Pedal-powered plaguebot


View Profile
June 05, 2019, 04:39:05 PM
 #22

it wouldn't work well with Tor or anyone who frequently rotates to new VPN servers.

Perhaps add another alert for user agent then. I bet no hacker would guess that my browser is "NCSA_Mosaic/1.0 (Windows 3.1)".

Quickseller
Copper Member
Legendary
*
Offline Offline

Activity: 1904
Merit: 1745



View Profile WWW
June 05, 2019, 04:54:53 PM
 #23



Edit: I forgot to take a screen shot of the previous poll. It was 9 to 5 in favor of adding an option to get e-mail notification when sending a PM.
If you are infected with malware, it is possible someone could access your account without logging in. The hacker could possibly access your account locally on your computer, or they could copy the cookie used to validate you and logged in.

Find the fire hydrant in my Avatar for a prize.
bones261
Legendary
*
Offline Offline

Activity: 1680
Merit: 1695


KnowNoBorders.io


View Profile
June 05, 2019, 06:05:28 PM
 #24

If you are infected with malware, it is possible someone could access your account without logging in. The hacker could possibly access your account locally on your computer, or they could copy the cookie used to validate you and logged in.

Well, I realize that my proposed solutions won't make someone's security foolproof.  Just another pesky pawn that one could place to get in the way of the hacker's queen.

   ▄▄██████▄▄
  ████████████
███▄▄
 ██████████████▀▀▀██▄
████████████████   ▀██▄
████████████████     ▀██
██████████████       ██▌
██████████████        ▐██
██▌▀▀██████▀▀         ▐██
▐██                   ██▌
 ██▄                 ▄██
  ▀██▄             ▄██▀
    ▀██▄▄▄     ▄▄▄██▀
      ▀▀█████████▀▀
MAIN CLUB
PARTNER of
W A T F O R D  FC
Industry Leading Crypto Sportsbook
|
SPECIAL
WATFORD FC
PROMOTIONS
|
UNIQUE
CONTENT &
GIVEAWAYS
|
▄▄█████████▄▄
▄█████████████████▄
▄██████████▀▀▀▀███████▄
▄█████████▀     ████████▄
▄██████████   ████████████▄
█████████        ██████████
█████████▄▄   ▄▄███████████
███████████   █████████████
▀██████████   ████████████▀
▀█████████   ███████████▀
▀████████▄▄▄██████████▀
▀█████████████████▀
▀▀█████████▀▀
.PLAY  HERE.
[/t
CryptopreneurBrainboss
Hero Member
*****
Offline Offline

Activity: 560
Merit: 773


LiveCoin - is a modern stock exchange


View Profile WWW
June 05, 2019, 06:08:55 PM
 #25

Before I vote, I need to be cleared on the whole idea of email notification, what's the aim of this suggestion, is it that you want to to get notified each time your account get logged into or you're trying to prevent hackers from accessing our account?.

How about recieving this notification only when there is a change in users IP address instead of receiving a notification for every login attempt. Most platform uses this feature and it helps prevent hack attempts.
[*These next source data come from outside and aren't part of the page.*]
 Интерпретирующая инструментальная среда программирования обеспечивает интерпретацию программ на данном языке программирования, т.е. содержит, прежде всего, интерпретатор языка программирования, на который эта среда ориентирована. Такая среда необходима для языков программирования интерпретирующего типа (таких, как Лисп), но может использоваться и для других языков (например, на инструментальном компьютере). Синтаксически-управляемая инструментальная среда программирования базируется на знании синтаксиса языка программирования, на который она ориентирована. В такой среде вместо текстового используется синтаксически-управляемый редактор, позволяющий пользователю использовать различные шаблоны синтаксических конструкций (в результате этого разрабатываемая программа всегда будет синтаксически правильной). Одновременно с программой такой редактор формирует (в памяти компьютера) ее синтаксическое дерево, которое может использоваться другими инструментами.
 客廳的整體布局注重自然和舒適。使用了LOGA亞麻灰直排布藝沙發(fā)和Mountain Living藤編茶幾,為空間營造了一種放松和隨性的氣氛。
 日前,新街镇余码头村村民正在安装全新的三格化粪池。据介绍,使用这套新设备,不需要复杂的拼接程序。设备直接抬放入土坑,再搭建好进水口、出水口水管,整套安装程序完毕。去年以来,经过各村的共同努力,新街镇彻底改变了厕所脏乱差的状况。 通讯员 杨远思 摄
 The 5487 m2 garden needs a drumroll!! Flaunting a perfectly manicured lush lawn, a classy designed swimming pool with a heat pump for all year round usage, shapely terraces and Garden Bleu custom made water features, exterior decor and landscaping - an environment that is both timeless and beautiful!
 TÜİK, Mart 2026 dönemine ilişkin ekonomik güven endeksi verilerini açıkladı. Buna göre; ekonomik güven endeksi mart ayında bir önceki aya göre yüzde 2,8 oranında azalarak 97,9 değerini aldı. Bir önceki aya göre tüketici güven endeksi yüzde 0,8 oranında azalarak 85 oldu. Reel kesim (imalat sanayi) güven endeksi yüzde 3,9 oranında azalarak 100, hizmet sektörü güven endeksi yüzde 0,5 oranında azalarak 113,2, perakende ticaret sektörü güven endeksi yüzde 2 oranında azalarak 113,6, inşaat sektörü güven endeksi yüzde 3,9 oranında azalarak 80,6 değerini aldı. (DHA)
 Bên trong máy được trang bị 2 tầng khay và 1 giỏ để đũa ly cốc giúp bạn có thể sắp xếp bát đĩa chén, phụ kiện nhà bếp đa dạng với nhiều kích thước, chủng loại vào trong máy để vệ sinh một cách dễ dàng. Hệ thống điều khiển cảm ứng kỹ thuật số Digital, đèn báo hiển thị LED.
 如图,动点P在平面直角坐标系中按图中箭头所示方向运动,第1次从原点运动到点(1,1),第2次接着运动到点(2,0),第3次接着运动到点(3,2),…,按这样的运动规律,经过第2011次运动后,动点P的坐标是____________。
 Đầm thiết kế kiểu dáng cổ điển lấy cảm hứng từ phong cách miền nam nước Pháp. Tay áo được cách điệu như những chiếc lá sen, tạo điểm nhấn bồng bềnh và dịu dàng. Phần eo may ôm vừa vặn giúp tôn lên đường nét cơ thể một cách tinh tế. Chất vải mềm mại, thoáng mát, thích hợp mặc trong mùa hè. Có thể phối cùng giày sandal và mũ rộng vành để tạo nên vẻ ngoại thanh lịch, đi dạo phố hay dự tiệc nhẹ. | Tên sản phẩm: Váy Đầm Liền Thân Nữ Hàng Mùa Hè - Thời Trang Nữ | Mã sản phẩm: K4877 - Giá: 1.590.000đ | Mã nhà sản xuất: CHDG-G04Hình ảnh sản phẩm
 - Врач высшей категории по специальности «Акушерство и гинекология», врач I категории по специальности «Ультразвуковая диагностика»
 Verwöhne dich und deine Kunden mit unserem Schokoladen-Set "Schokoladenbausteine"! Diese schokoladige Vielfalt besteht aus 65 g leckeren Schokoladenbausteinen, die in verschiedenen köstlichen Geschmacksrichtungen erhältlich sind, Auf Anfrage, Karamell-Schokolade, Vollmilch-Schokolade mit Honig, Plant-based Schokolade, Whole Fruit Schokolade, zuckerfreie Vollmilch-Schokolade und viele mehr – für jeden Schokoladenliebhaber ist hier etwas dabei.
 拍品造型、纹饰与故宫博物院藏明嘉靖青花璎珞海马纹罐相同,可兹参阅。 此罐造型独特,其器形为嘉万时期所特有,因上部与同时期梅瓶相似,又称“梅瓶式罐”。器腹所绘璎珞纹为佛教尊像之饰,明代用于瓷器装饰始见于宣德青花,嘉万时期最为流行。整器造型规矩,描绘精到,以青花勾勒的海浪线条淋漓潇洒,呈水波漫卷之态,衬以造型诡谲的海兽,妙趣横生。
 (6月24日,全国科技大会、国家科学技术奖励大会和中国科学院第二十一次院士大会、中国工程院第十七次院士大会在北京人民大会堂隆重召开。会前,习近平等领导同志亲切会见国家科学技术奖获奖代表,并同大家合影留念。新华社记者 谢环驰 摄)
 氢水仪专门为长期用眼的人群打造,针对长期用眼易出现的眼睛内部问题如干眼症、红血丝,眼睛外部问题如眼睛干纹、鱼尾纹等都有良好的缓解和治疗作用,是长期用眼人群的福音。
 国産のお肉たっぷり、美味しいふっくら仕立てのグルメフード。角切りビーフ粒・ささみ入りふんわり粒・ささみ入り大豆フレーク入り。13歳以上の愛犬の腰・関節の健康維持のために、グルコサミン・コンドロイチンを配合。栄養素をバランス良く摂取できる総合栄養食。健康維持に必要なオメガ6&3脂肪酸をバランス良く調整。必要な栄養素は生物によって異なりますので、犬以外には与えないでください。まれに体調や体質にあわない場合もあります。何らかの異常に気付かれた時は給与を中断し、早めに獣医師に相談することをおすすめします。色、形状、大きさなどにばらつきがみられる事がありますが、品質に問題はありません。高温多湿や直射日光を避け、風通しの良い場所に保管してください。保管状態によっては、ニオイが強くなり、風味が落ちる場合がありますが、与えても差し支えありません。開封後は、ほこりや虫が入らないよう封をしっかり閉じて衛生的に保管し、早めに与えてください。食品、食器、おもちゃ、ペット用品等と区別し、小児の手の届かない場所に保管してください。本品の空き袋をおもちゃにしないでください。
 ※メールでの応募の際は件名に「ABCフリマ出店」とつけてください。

If the whole suggestion is about preventing hackers from gaining access to your account I don't see the usefulness of a notification when it might be too late before you can do anything about it.

█████████▄           ▄█
▀██▄         ██
▀██▄    ▄▄ ██
▀███ ███ ██
█████████▄        ▀▀ ██
▀██▄      ▄▄ ██
▄█████████ ███ ██
▄██▀          ▀▀ ██
████
█▀            ▄▄ ██
▄██ ███ ██
▄██▀   ▀▀ ██
▄██▀        ██
███████████▀          ▀█




▄▄█
█████
█████
█████
█████
█████

█████

█████

█████


▄▄█
█████
█████
█████
█████
█████
█████
█████

█████

█████

█████
▄▄█
█████
█████
█████
█████
█████
█████
█████
█████
█████

█████

█████

█████
█▄           ▄█████████
██         ▄██▀
██ ▄▄    ▄██▀
██ ███ ███▀
██ ▀▀        ▄█████████
██ ▄▄      ▄██▀
██ ███ █████████▄
██ ▀▀          ▀██▄
██ ▄▄            ▀█████
██ ███ ██▄
██ ▀▀   ▀██▄
██        ▀██▄
█▀          ▀███████████
Quickseller
Copper Member
Legendary
*
Offline Offline

Activity: 1904
Merit: 1745



View Profile WWW
June 05, 2019, 06:13:47 PM
 #26

If you are infected with malware, it is possible someone could access your account without logging in. The hacker could possibly access your account locally on your computer, or they could copy the cookie used to validate you and logged in.

Well, I realize that my proposed solutions won't make someone's security foolproof.  Just another pesky pawn that one could place to get in the way of the hacker's queen.
Having an option to receive an email notification when a PM is sent would be beneficial. Obviously not everyone has a real email attached to their account or activity monitors their attached email.

The email sent to respond to a message contains a link to reply to the message. I can see a lot of people accidentally clicking on the security link when receiving a email saying they just sent a PM, if they are in the middle of a PM conversation.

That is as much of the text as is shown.